Mixing occurs in the chloroplasts in the cells where remnants of chlorophyll mingle with yellow or orange carotenoid. The same cell may have plastids or cell sap with visible levels of anthocyanin. Various admixtures create the different hues, including crimson and purple as well as yellow, orange and red.

Some species like alders and locusts show little color change. Others show beautiful shades of yellow including: poplars, tulips, ginkos, honey locusts, beeches, and birches. Most people find the most dazzling displays to be reds of trees such as: maples, sassafras, tupelo, staghorm sumac, white oak, and shadbush. Following color change leaves abscise and fall off the tree. You can visually observe the progression of senescence that signals abscission. The outer edges of the leaf will appear in vivid hues while the interior and base is still green. The last cells of the leaf to reach senescence are the cells located just along or above the base of the petiole. This is the abscission zone made up of short and compact cells without intercellular spaces. As senescence reaches them vessels become blocked by tyloses. Protoplasm and starch deposition occurs, the cell walls swell, and pectic and cellulosic materials are digested. At this point separation occurs between rows of cells, sometimes through the middle lamella or the primary cell walls. Sometimes the entire cells of one or more layers dissolve.
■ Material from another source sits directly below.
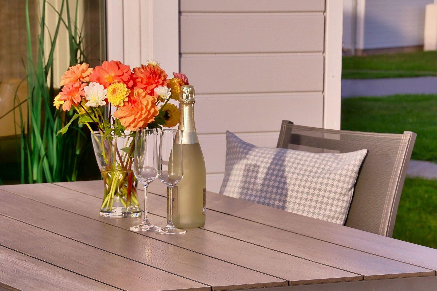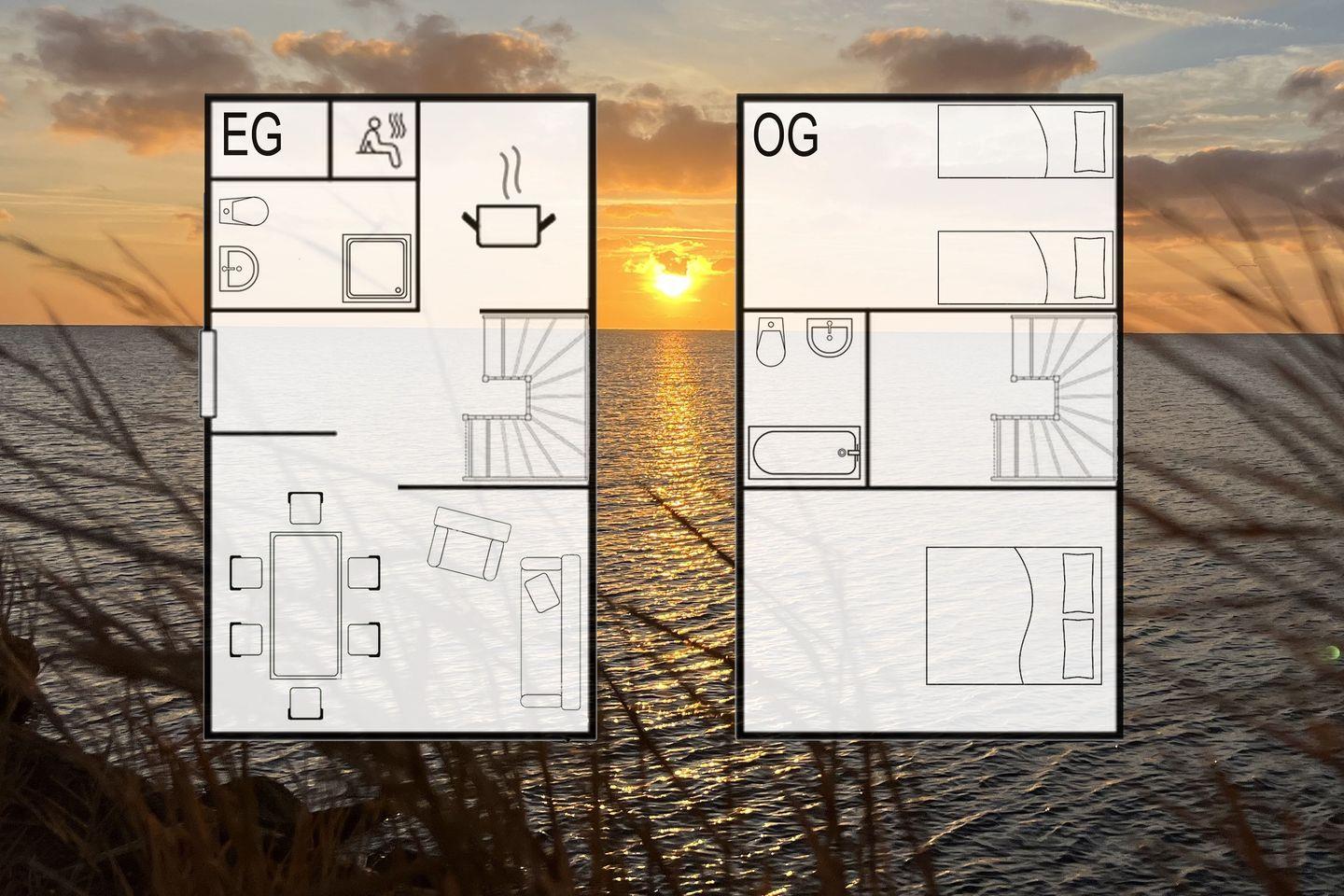 Willkommen im Ferienhaus "Hyggebo" – einem charmanten, freistehenden Refugium in unmittelbarer Nähe zur Ostsee. Auf 82 m² bietet dieses wunderschön gestaltete Ferienhaus auf zwei Etagen den perfekten Ort für Erholung und Entspannung. Das Erdgeschoss empfängt Sie mit einem offenen, lichtdurchfluteten Wohnbereich, der dank bodentiefer Fenster und eines gemütlichen Kamins eine warme und einladende Atmosphäre schafft. Hier können Sie bei jeder Jahreszeit den Blick auf die Natur genießen und entspannte Stunden verbringen. Die moderne, voll ausgestattete Küche lässt keine Wünsche offen – inklusive einer integrierten Waschmaschine, sodass Sie sich auch während Ihres Urlaubs wie zu Hause fühlen können. Das Badezimmer im Erdgeschoss bietet Ihnen zusätzlich eine Infrarot-Sauna und eine Handtuchheizung – ideal, um nach einem aktiven Tag zu entspannen. Die elegante Holztreppe führt ins Obergeschoss, wo sich zwei behagliche Schlafzimmer befinden. Das erste Schlafzimmer ist mit einem komfortablen Doppel-Boxspringbett (180x200 cm), einem Kleiderschrank und einer Kommode ausgestattet. Der Smart-TV sorgt für Unterhaltung, Insektenschutzgitter sowie Verdunkelungsmöglichkeiten garantieren einen erholsamen Schlaf. Das zweite Schlafzimmer bietet zwei Einzel-Boxspringbetten (je 100x200 cm) und ebenfalls einen Kleiderschrank und eine Kommode. Ein weiteres Highlight im Obergeschoss ist das Badezimmer mit Badewanne und einem Dachfenster, durch das Sie den Sternenhimmel bewundern können. Für die kleinen Gäste stehen ein Babybett und ein Kinderhochstuhl bereit. Im Außenbereich erwartet Sie eine nach Osten ausgerichtete Terrasse mit komfortablen Outdoormöbeln, Sonnenliegen und einem Sonnenschirm – der ideale Platz für ein Frühstück in der Morgensonne oder einen entspannten Nachmittag. Ein Grill lädt zu geselligen BBQ-Abenden ein, und das bereitgestellte Sandspielzeug sorgt für Unterhaltung für die jüngeren Urlauber. In den Sommermonaten steht Ihnen zudem ein Bollerwagen zur Verfügung, der Ihnen bei Ausflügen oder dem Transport von Strandutensilien behilflich ist. Das Ferienhaus bietet zudem praktische Extras wie einen abschließbaren Schuppen für Fahrräder und zwei Parkplätze direkt vor dem Haus. Die Lage des Hauses ist perfekt für Spaziergänge an der Ostsee oder Radtouren entlang der Küste. Genießen Sie die Ruhe und Natur der Umgebung, während Sie sich in "Hyggebo" wie zu Hause fühlen.

Often the shedding of foliage occurs quickly. Sometimes a tree will drop the bulk of its leaves in just an hour or two. Species vary in timing of leaf fall, as they did in coloration. For instance, many Quercus stay green later and abscise later. In some species leaves senesce, turn brown and shrivel but do not abscise. For instance, some Quercus and Carpinus leaves hang on through winter and abscise the following spring. The last reminders of summer’s lush, green canopies are these whispering rattles of winter.